A final draft of the new science curriculum is expected to be available in Term 2 of 2024.
St Cuthbert’s College principal Justine Mahon said she believed the delay “is a positive move.
“Scrutinising the draft science curriculum is an imperative.” Mahon added that the Ministry of Education “need to examine what is in the draft curriculum and ensure that core sciences will be taught systematically.”
Read the Term 4 edition of School News HERE
Incoming Ministry for Education, Erica Stanford said that the curriculum will be a top priority. She called the draft “extremely worrying… it’s so important to lay out the core curriculum knowledge and the other that it is to be taught especially in topics like chemistry, biology and physics.”
In July this year, the draft curriculum was leaked to other educators after science teachers who received it expressed concern at its content.
The document proposed teaching science through five key context areas such as the Earth system, biodiversity, food, energy and water and infectious diseases.
It was criticised by some educators as lacking core science knowledge. Association of Science Educators president Doug Walker said at the time:
“Certainly in its current state I would be extremely concerned with that being our guiding document as educators in Aotearoa. The lack of physics, chemistry, Earth and space science, I was very surprised by that.”
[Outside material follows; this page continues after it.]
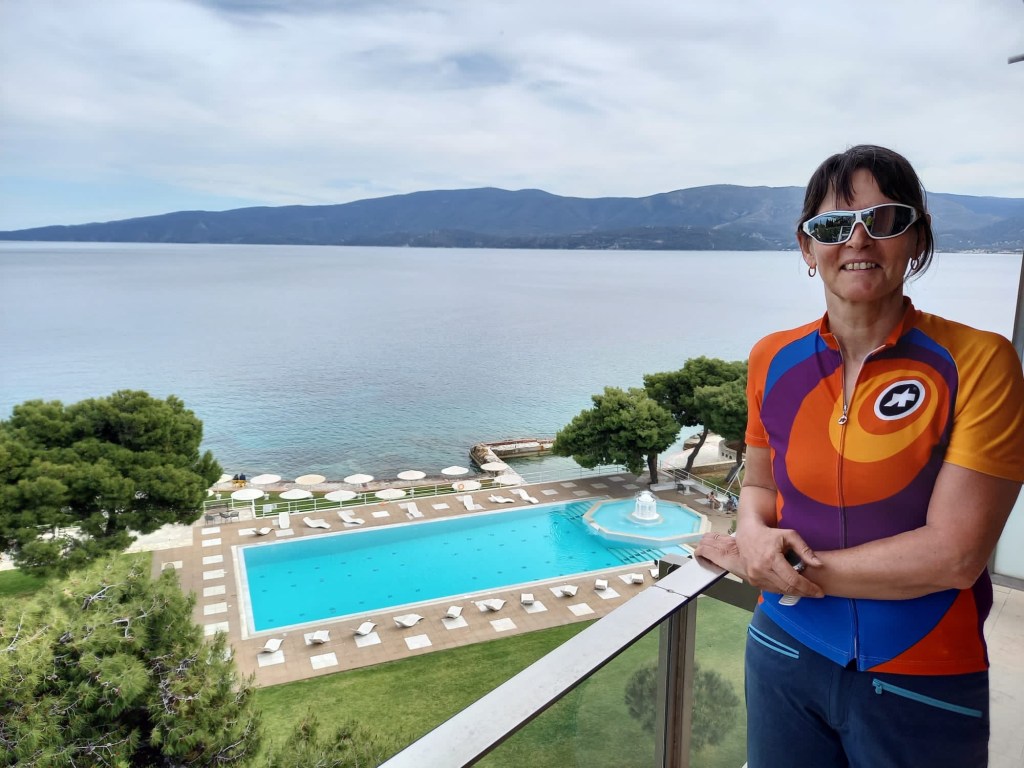 Wir fahren los. Der Rückenwind ist das erste Geschenk. Klaus freut sich auch. Die Strecke ist ähnlich wie gestern. Immer am Meer entlang. Vor Korinthos biegen wir ab. Über kleine Nebenstraßen fahren wir auf die andere Seite an das ägäische Meer. Morgen wollen wir uns den alten Verbindungskanal zwischen Golf von Korinth und Ägäis ansehen. Jetzt geht es in Richtung Hotel. Glücklicherweise knurren uns die Straßenhunde nur kurz hinterher und lassen uns fahren. Die kann Sabine an ihrem Geburtstag nun gar nicht gebrauchen. Aber ein Hotel ist gerade recht. Das Zimmer hat einen grandiosen Ausblick aufs Meer. Und das lädt zum Baden ein. Sabine traut sich rein, Klaus dann auch. Brrr ist das kalt, mehr als 15 Grad sind es sicher nicht. Doch Sabine musste 60 Jahre (!) warten, bis sie an ihrem Geburtstag mal im Meer baden kann. Da ist es ganz egal wie kalt es ist.

New Zealand Institute of Physics education council chairman David Housden added that physics teachers “were shocked. I think that physics and chemistry are fundamental sciences and we would expect to find a broad curriculum with elements of it from space all the way down to tiny particles.”
Other detractors included Secondary Chemistry Educations New Zealand co-chairperson Murray Thompson and Michael Johnston from the New Zealand Initiative.
However, others have said that the controversy was blown out of proportion, including Labour MP Ginny Anderson.
“There was always an intention for core areas such as physics, chemistry and biology to be included in that curriculum. So, I do think a bigger meal was made of it than what was ever intended.”
Other defenders of the draft include Dr Jared Carpendale, a former secondary school physics and chemistry teacher and current Senior Lecturer in Teacher Education at Massey University. In an opinion penned for Stuff, Dr Carpendale pointed out that the draft curriculum was designed not only for the 20 percent of students that would go on to study post-compulsory science, but targeted toward developing essential skills and knowledge for the whole student body.
He wrote that the new science curriculum was aimed at “seeing connections between concepts and appreciating the nature of science and how scientists work together, often in transdisciplinary ways, to generate new knowledge.
“The draft curriculum document promotes a transdisciplinary way of thinking and teaching science, removing traditional subject silos, encouraging teachers to engage students in learning through meaningful and authentic contexts.”
Dr Cathy Buntting, one of the curriculum writers and director of the Woolf-Malcom Institute at the University of Waikato said “internationally, we see a call for greater engagement of students in science… it’s about teaching science in meaningful contexts.”
Buntting said that some of the rhetoric in the media was “alarmist”, noting that the national science curriculum, like the wider NZC, was never meant to contain “fine grain” detail. Instead, teachers would need to be supported to design localised curricula through the suggested contexts.
Buntting elaborated that the Science Learning Hub was already doing work to support teachers in curriculum design, and there is a “strong opportunity for teacher associations to lead innovative approaches that are enabled through the new approach being suggested.”
Sara Tolbert, Associate Professor of Science and Environmental Education at the University of Canterbury and Dr Cathy Buntting’s co-writer, noted that long-running research has demonstrated that “decontextualised scientific facts and theories has not supported student learning.
“This approach has ill-prepared students to engage competently or critically with science, and has failed the expand participation in science careers or degree programmes.”
Tolbert says that science itself is becoming more interdisciplinary as we attempt to tackle global issues such as climate change.
“A science curriculum for today’s world must be interdisciplinary and reflect these changes. Students need to be able to see connections between traditional disciplines.”